It has been a bumper month for the US Dollar, which has been bucking the trend of the general encumbered state of the US economy during a period of high inflation and concerns over rising costs of living.
The US Dollar has been performing very well in general over recent weeks, making headway against other major currencies, drawing some speculation at the beginning of May that parity with the Euro may be on the cards.
Whilst that did not happen, the US Dollar continues to strengthen and today it has reached a high point at 1.22 against the British Pound, representing the highest point in the past 30 days.
This morning, talks of a potential move toward parity between the Euro and the US Dollar have resurfaced, and the US Dollar becomes the currency that is not only going in the opposite direction to the generally inflationary nature of the overall US economy, but is trouncing almost all of its peers apart from the Japanese Yen which remains strong.

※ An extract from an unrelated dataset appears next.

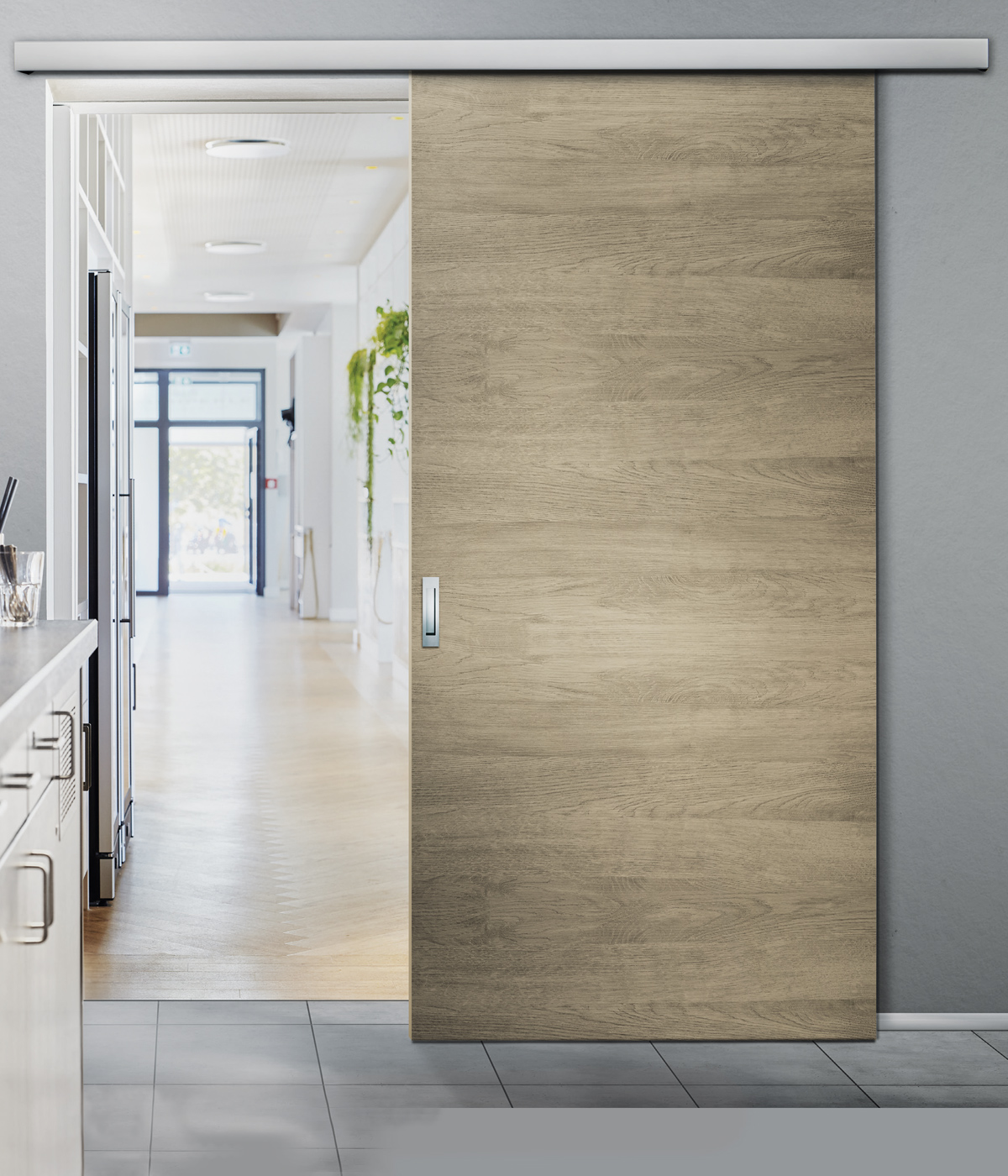 Systém posuvných dveří NovoSlide Wall obsahuje všechny komponenty, které potřebujete k instalaci posuvných dveří před stěnu, včetně pojezdové dráhy a krycího panelu a sady válečků s tlumením na obou stranách pro měkké zavírání dveří.

Just as is the case in the United States, Britain and the Eurozone also are regions which remain lumbered with high levels of inflation, and the United Kingdom has been subjected to four interest rate rises this year, the most recent one having been announced last week by the Bank of England.
Bearing this in mind, the European Union and the United Kingdom face many of the same challenges that the United States faces, hence confidence in the US Dollar when comparing it to other major currencies in the Western hemisphere is likely high due to the Euro and Pound being the sovereign currencies of equally inflationary national economies.
The Federal Reserve has been mulling further interest rate hikes, but with the same conundrum being worked on by the British and European central banks, there is little advantage in terms of confidence across the other regions which could be a contributor to the US Dollar's relative strength.